AIM OF THE TASK: Wherever a picture appears, skip it and retype the rest of the data exactly.

DATA BLOCK START

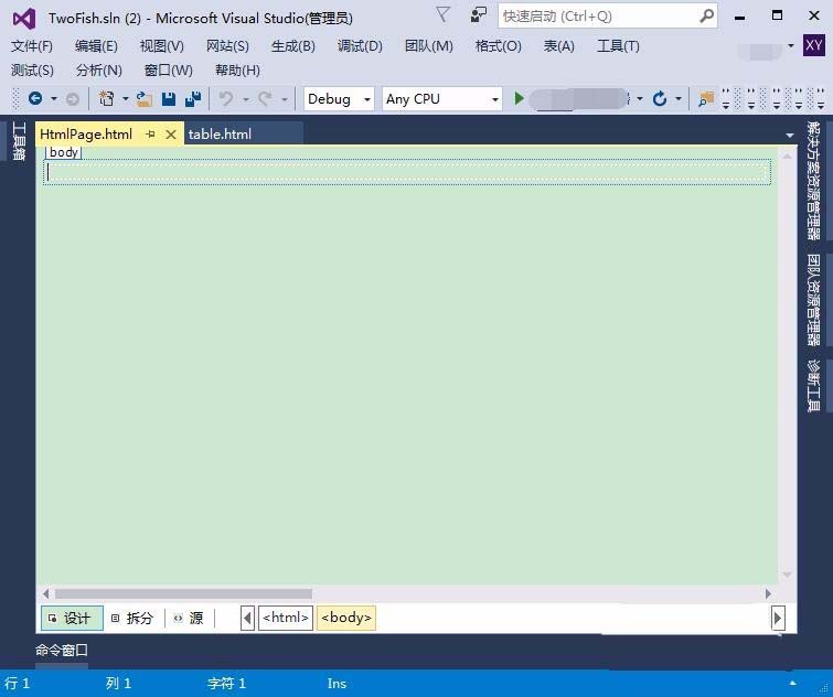 1、打开Visual Studio,新建一个html网页。
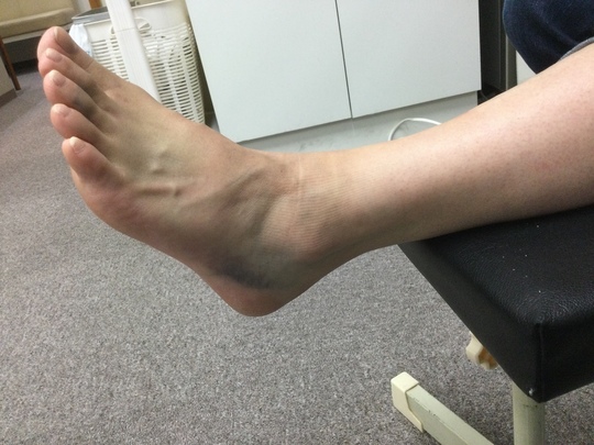 写真は初診時の外観写真ですが、外果(外くるぶし)よりもやや前下方に腫脹と皮下出血が見られ、歩行時痛も強く認められました。
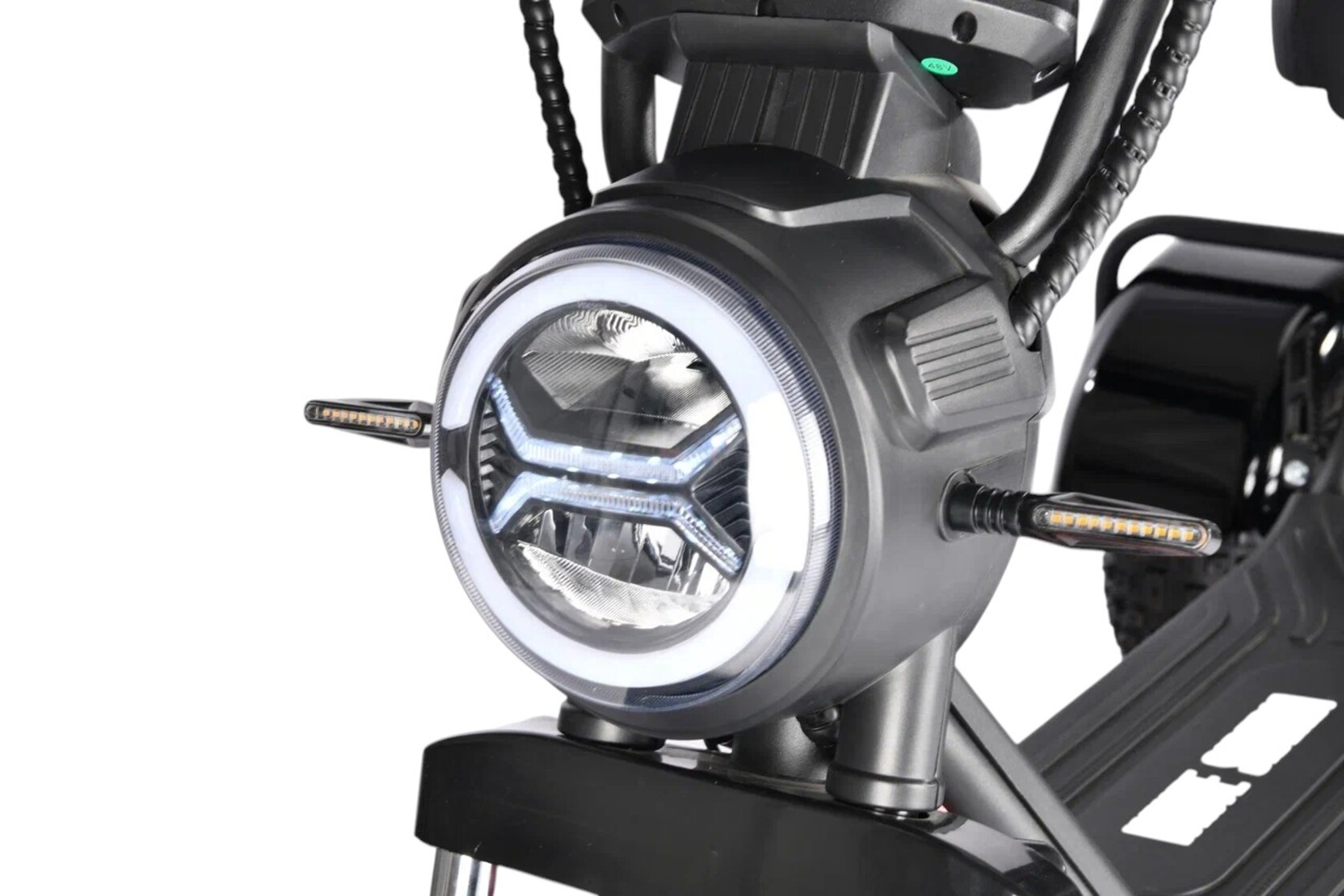 Оборудован одной мощной фарой, двумя стробоскопами, задними ходовыми огнями и поворотниками с ярким свечением;
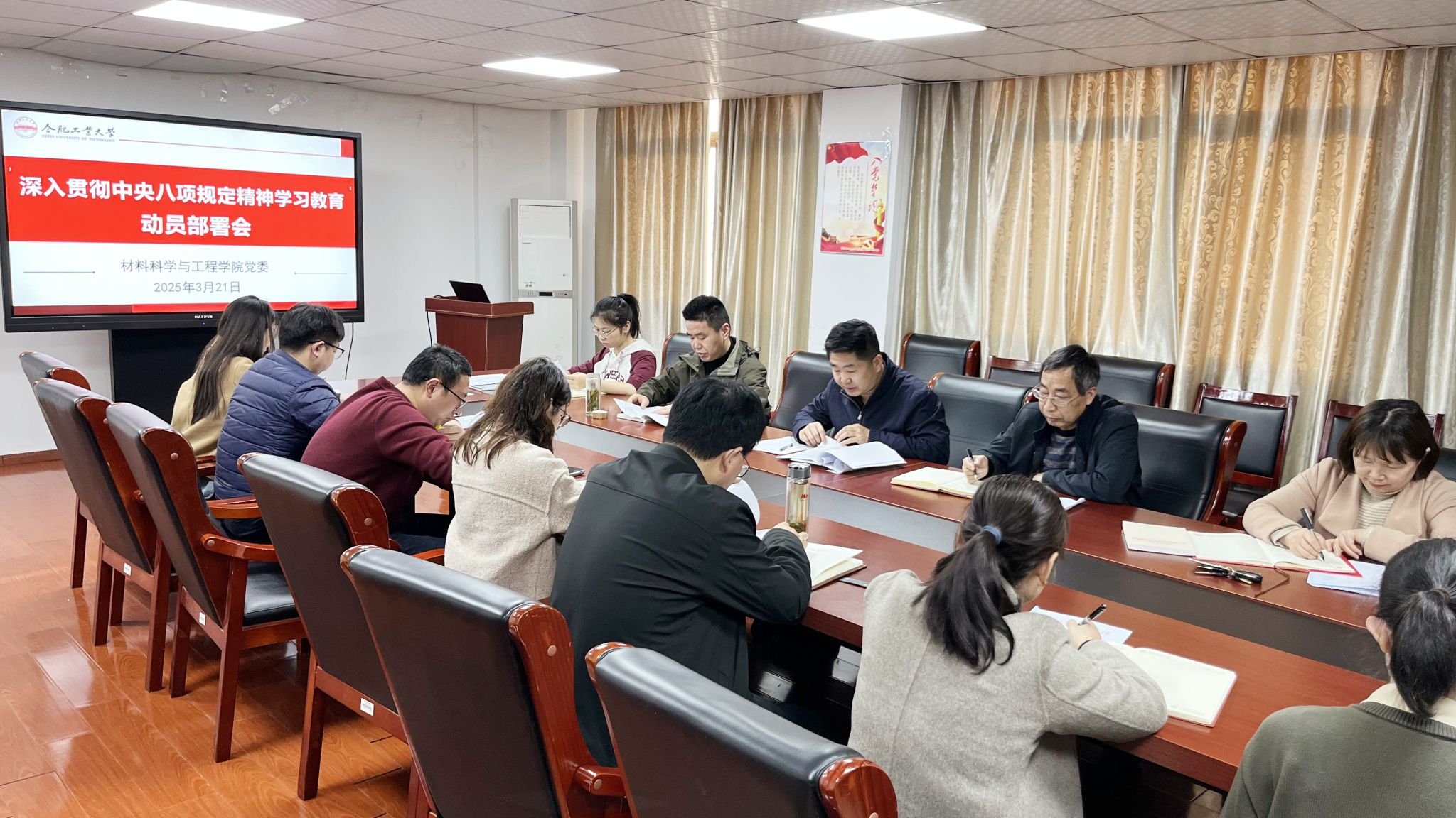 3月21日下午,必赢线路检测3003召开深入贯彻中央八项规定精神学习教育工作部署会,传达学习学校党委关于开展深入贯彻中央八项规定精神学习教育有关要求。学院党委书记武国剑主持会议。全体师生党支部书记、学生党支部指导老师参加会议。

DATA BLOCK END

EXERCISE RESPONSE:
 1、打开Visual Studio,新建一个html网页。
 写真は初診時の外観写真ですが、外果(外くるぶし)よりもやや前下方に腫脹と皮下出血が見られ、歩行時痛も強く認められました。
 Оборудован одной мощной фарой, двумя стробоскопами, задними ходовыми огнями и поворотниками с ярким свечением;
 3月21日下午,必赢线路检测3003召开深入贯彻中央八项规定精神学习教育工作部署会,传达学习学校党委关于开展深入贯彻中央八项规定精神学习教育有关要求。学院党委书记武国剑主持会议。全体师生党支部书记、学生党支部指导老师参加会议。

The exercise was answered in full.